■ Assigned task:
Quote each line of the material verbatim, without the pictures.

=== Data shown ===

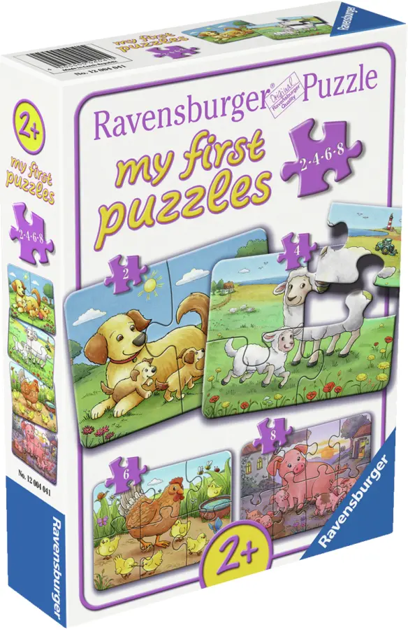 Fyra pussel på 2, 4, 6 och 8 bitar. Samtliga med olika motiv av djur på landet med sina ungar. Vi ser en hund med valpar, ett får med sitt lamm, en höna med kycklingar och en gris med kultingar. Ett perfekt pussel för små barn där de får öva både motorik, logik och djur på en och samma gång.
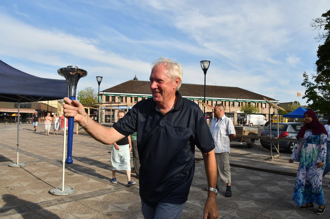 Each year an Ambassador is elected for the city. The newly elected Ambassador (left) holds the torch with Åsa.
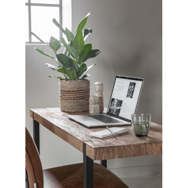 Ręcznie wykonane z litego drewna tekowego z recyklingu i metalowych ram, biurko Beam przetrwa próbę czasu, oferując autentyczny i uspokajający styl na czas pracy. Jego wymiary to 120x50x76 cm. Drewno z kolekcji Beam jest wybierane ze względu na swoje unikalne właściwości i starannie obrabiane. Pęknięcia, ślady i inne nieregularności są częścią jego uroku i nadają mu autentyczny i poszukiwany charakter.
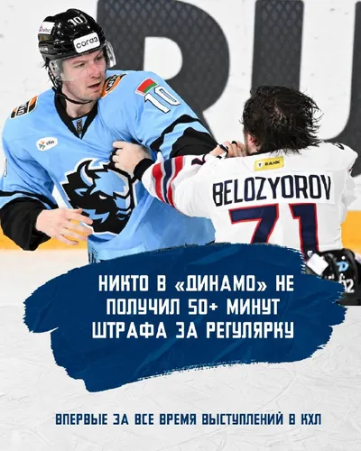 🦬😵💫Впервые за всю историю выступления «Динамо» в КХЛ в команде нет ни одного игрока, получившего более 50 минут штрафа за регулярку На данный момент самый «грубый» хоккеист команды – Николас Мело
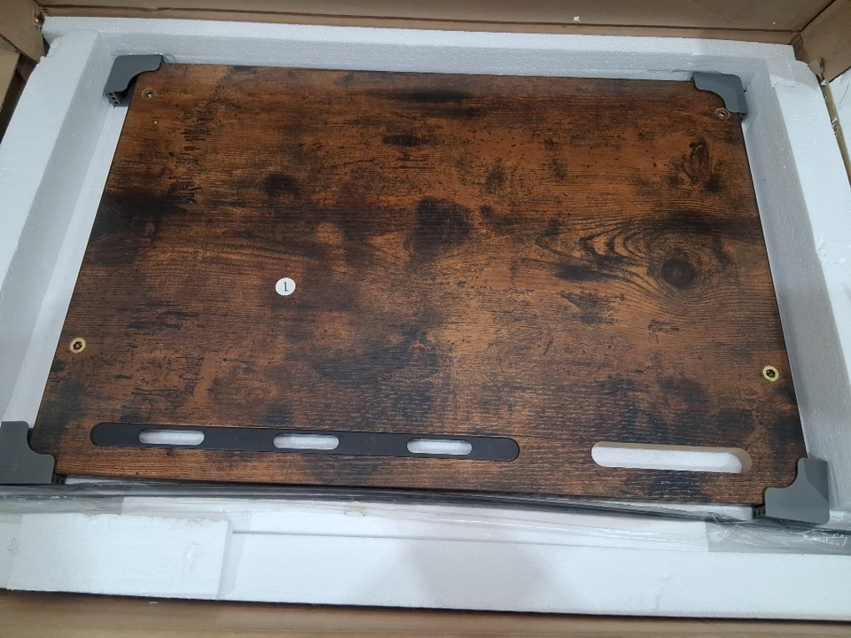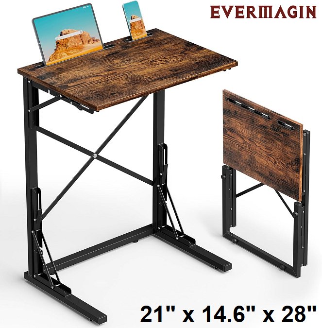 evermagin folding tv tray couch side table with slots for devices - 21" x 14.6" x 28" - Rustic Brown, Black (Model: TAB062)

===

■ Response for this exercise:
 Fyra pussel på 2, 4, 6 och 8 bitar. Samtliga med olika motiv av djur på landet med sina ungar. Vi ser en hund med valpar, ett får med sitt lamm, en höna med kycklingar och en gris med kultingar. Ett perfekt pussel för små barn där de får öva både motorik, logik och djur på en och samma gång.
 Each year an Ambassador is elected for the city. The newly elected Ambassador (left) holds the torch with Åsa.
 Ręcznie wykonane z litego drewna tekowego z recyklingu i metalowych ram, biurko Beam przetrwa próbę czasu, oferując autentyczny i uspokajający styl na czas pracy. Jego wymiary to 120x50x76 cm. Drewno z kolekcji Beam jest wybierane ze względu na swoje unikalne właściwości i starannie obrabiane. Pęknięcia, ślady i inne nieregularności są częścią jego uroku i nadają mu autentyczny i poszukiwany charakter.
 🦬😵💫Впервые за всю историю выступления «Динамо» в КХЛ в команде нет ни одного игрока, получившего более 50 минут штрафа за регулярку На данный момент самый «грубый» хоккеист команды – Николас Мело
 evermagin folding tv tray couch side table with slots for devices - 21" x 14.6" x 28" - Rustic Brown, Black (Model: TAB062)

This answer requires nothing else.